BEGIN

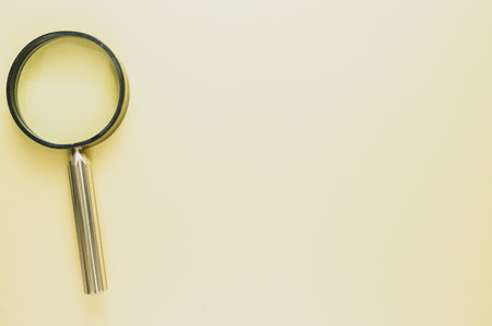 Magnifying glass on yellow background. View from above with copy space
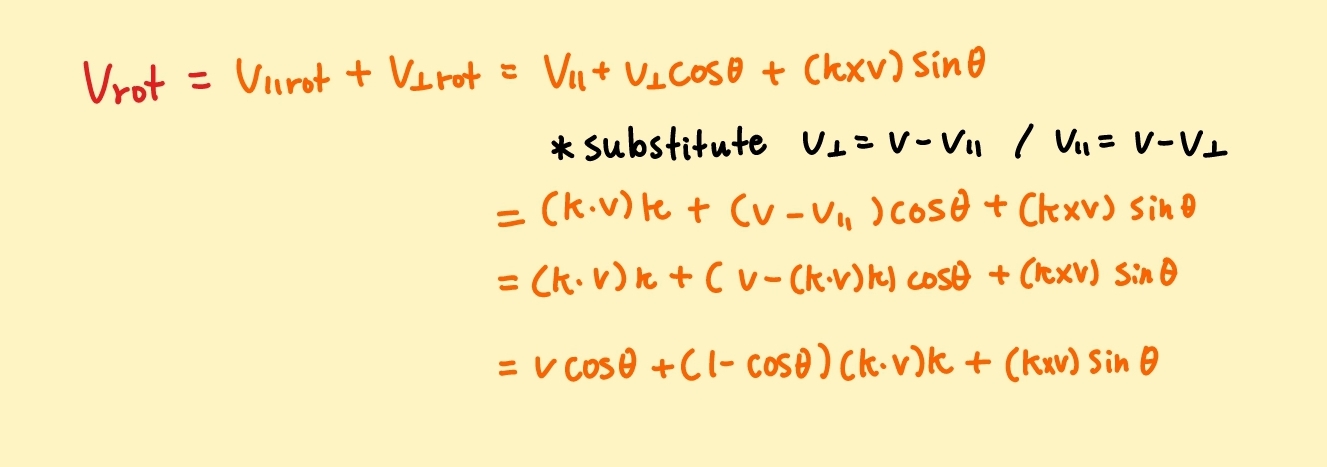k벡터는 회전할 축, v벡터는 회전시킬 벡터이다. k벡터는 크기가 1인 단위 벡터이다. 각 세타만큼 회전시켜 v rot벡터를 구할 것이다.
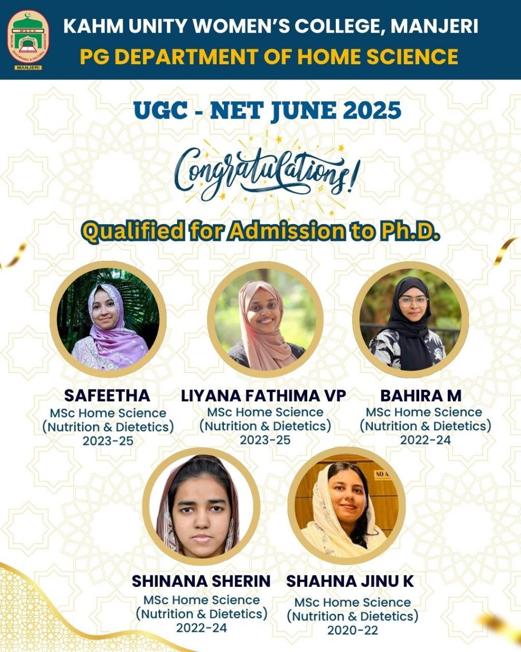 Congrats to our six achievers for qualifying UGC-NET June 2025 for Ph.D. admission!A proud moment for PG Department of Home Science, KAHM Unity Women’s College

END

**WORK REQUIRED**.
Print each line from the one containing "k벡터는 회전할 축, v벡터는" through the last line of the listing, both included, exactly and with no pictures.

**SOLUTION TO THIS TASK**.
k벡터는 회전할 축, v벡터는 회전시킬 벡터이다. k벡터는 크기가 1인 단위 벡터이다. 각 세타만큼 회전시켜 v rot벡터를 구할 것이다.
 Congrats to our six achievers for qualifying UGC-NET June 2025 for Ph.D. admission!A proud moment for PG Department of Home Science, KAHM Unity Women’s College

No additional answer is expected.